> _SOURCE MATERIAL_
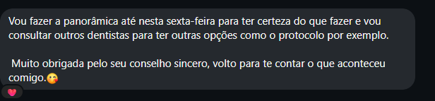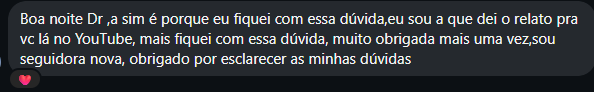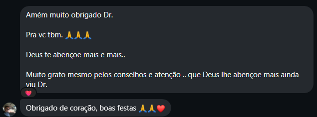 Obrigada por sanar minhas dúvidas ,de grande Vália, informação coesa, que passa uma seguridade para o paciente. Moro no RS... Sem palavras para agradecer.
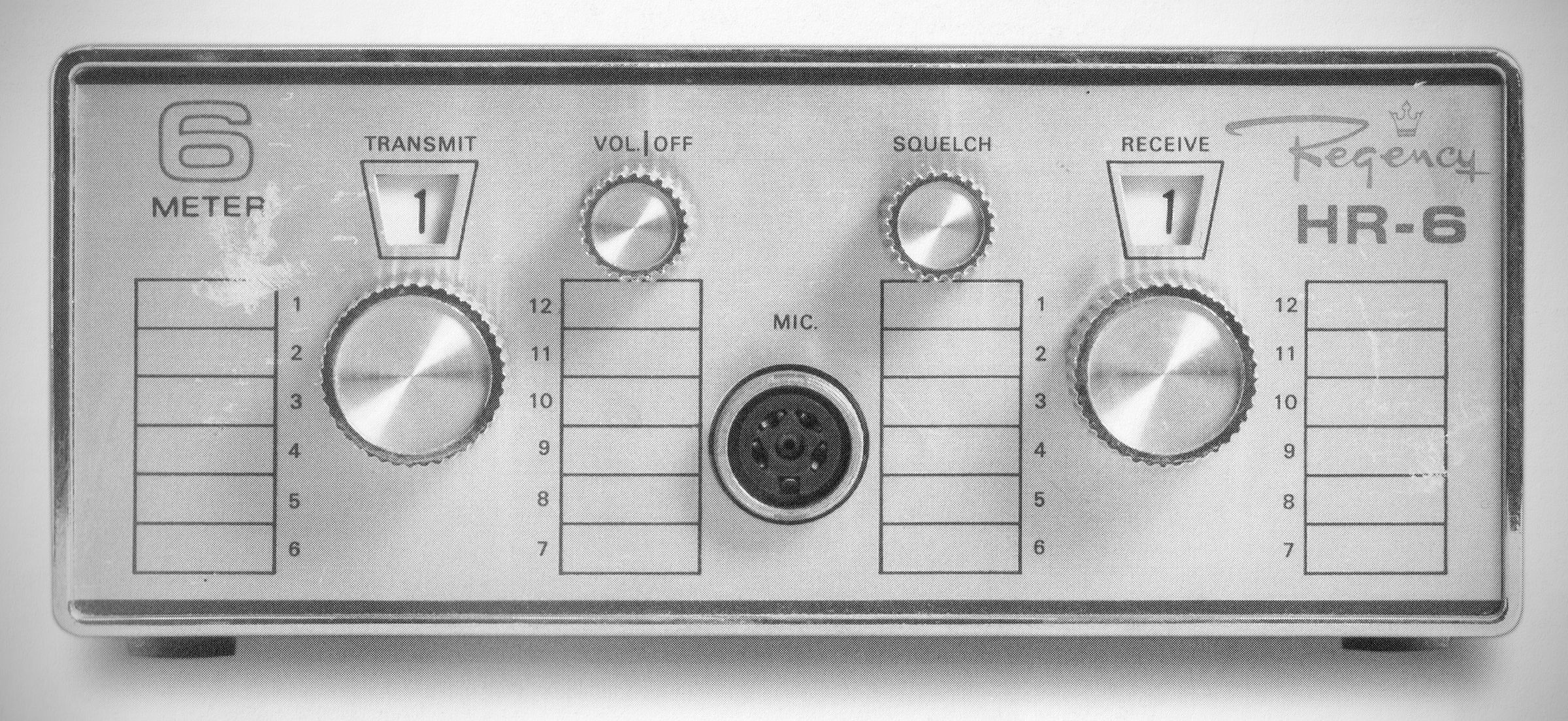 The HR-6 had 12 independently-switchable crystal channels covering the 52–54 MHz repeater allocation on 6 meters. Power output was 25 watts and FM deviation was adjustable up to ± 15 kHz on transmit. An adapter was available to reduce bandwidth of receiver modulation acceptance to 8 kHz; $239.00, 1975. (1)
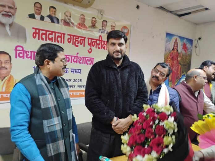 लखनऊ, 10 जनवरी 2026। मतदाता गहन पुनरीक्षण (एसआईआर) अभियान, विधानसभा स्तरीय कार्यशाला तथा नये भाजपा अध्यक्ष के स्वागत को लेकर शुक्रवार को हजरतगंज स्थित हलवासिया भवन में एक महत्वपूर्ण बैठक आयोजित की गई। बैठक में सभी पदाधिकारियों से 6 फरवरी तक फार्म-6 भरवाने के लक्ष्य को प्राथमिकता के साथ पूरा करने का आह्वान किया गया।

> _YOUR TASK_
Restate word for word each line from the top of the listing down to and including the line that holds "The HR-6 had". Drop any pictures.

> _WRITTEN RESPONSE_
 Obrigada por sanar minhas dúvidas ,de grande Vália, informação coesa, que passa uma seguridade para o paciente. Moro no RS... Sem palavras para agradecer.
 The HR-6 had 12 independently-switchable crystal channels covering the 52–54 MHz repeater allocation on 6 meters. Power output was 25 watts and FM deviation was adjustable up to ± 15 kHz on transmit. An adapter was available to reduce bandwidth of receiver modulation acceptance to 8 kHz; $239.00, 1975. (1)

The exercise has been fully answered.